YOUR GOAL -> Leave the images out. Give every line below again, precisely.

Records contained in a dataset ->
######

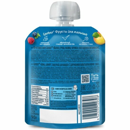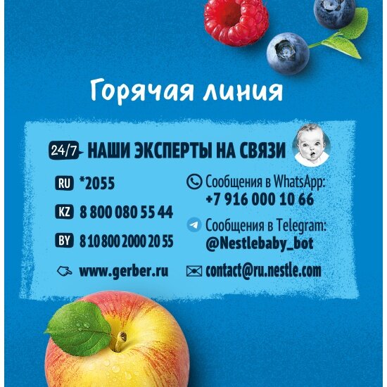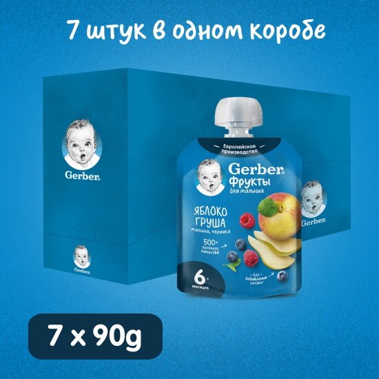 Фруктовое детское пюре Gerber яблоко-груша-малина-черника с 6 месяцев 90 г 7 шт интересное:
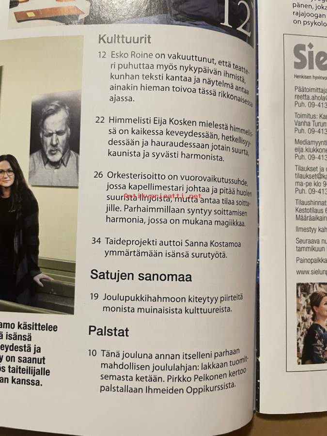 Sielunpeili 2017 nr 8, Aivokasvain, Esko Raine, Tarja Sahari, himmelin herkkyys, Kalevalainen meditaatio
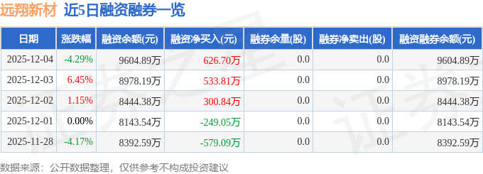 远翔新材融资融券信息显示,融资方面,当日融资买入2279.1万元,融资偿还1652.4万元,融资净买入626.7万元,连续3日净买入累计1461.36万元。融券方面,融券卖出0.0股,融券偿还0.0股,融券余量0.0股,融券余额0.0万元。融资融券余额9604.89万元。
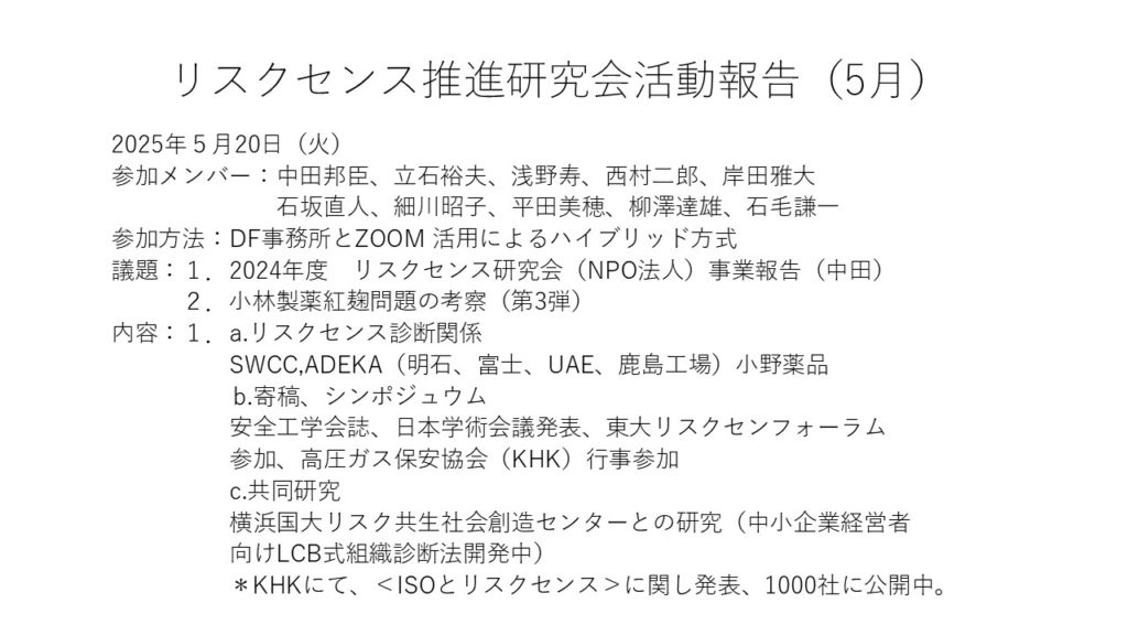 3. リスクセンス推進研究会の報告 (石毛謙一会員)
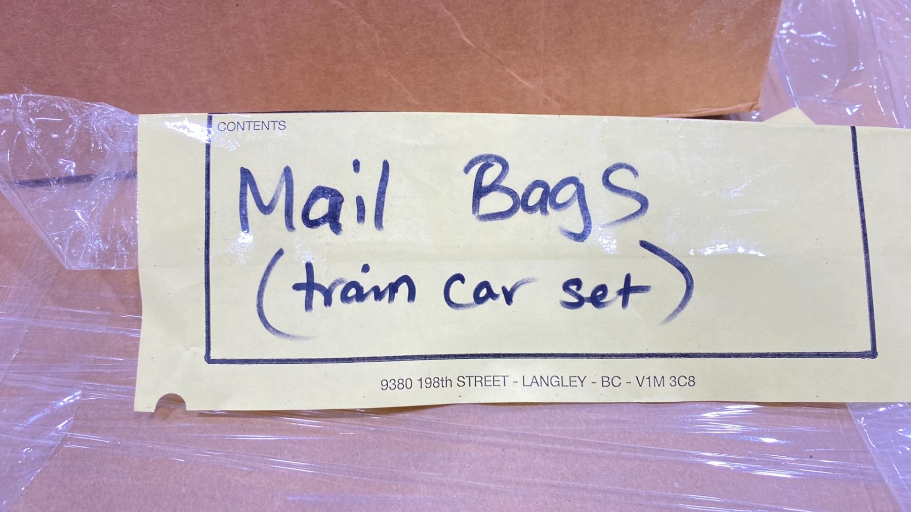 PALLET OF ASSORTED MAIL BAGS & TRAIN CAR SET
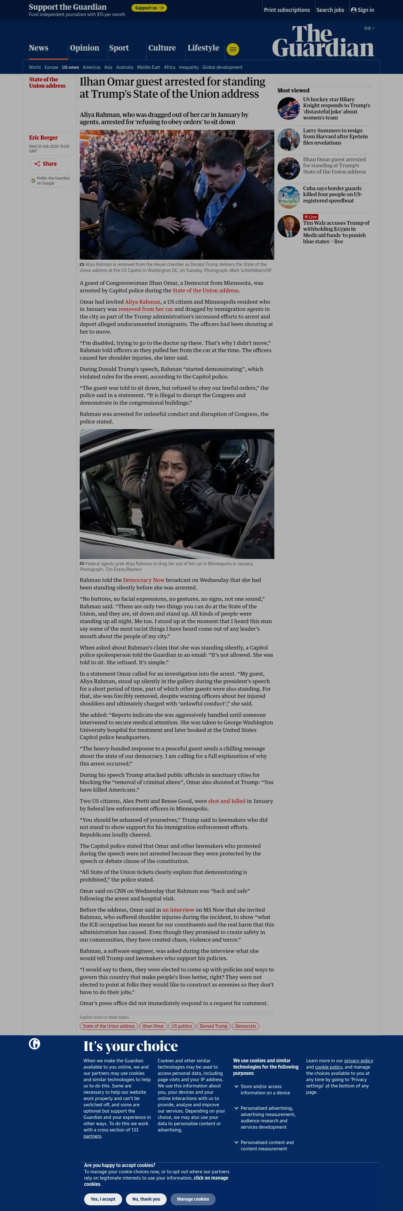 https://www.theguardian.com:443/us-news/2026/feb/25/ilhan-omar-guest-arrested-state-union

######

OUTPUT FOR THIS EXERCISE ->
 Фруктовое детское пюре Gerber яблоко-груша-малина-черника с 6 месяцев 90 г 7 шт интересное:
 Sielunpeili 2017 nr 8, Aivokasvain, Esko Raine, Tarja Sahari, himmelin herkkyys, Kalevalainen meditaatio
 远翔新材融资融券信息显示,融资方面,当日融资买入2279.1万元,融资偿还1652.4万元,融资净买入626.7万元,连续3日净买入累计1461.36万元。融券方面,融券卖出0.0股,融券偿还0.0股,融券余量0.0股,融券余额0.0万元。融资融券余额9604.89万元。
 3. リスクセンス推進研究会の報告 (石毛謙一会員)
 PALLET OF ASSORTED MAIL BAGS & TRAIN CAR SET
 https://www.theguardian.com:443/us-news/2026/feb/25/ilhan-omar-guest-arrested-state-union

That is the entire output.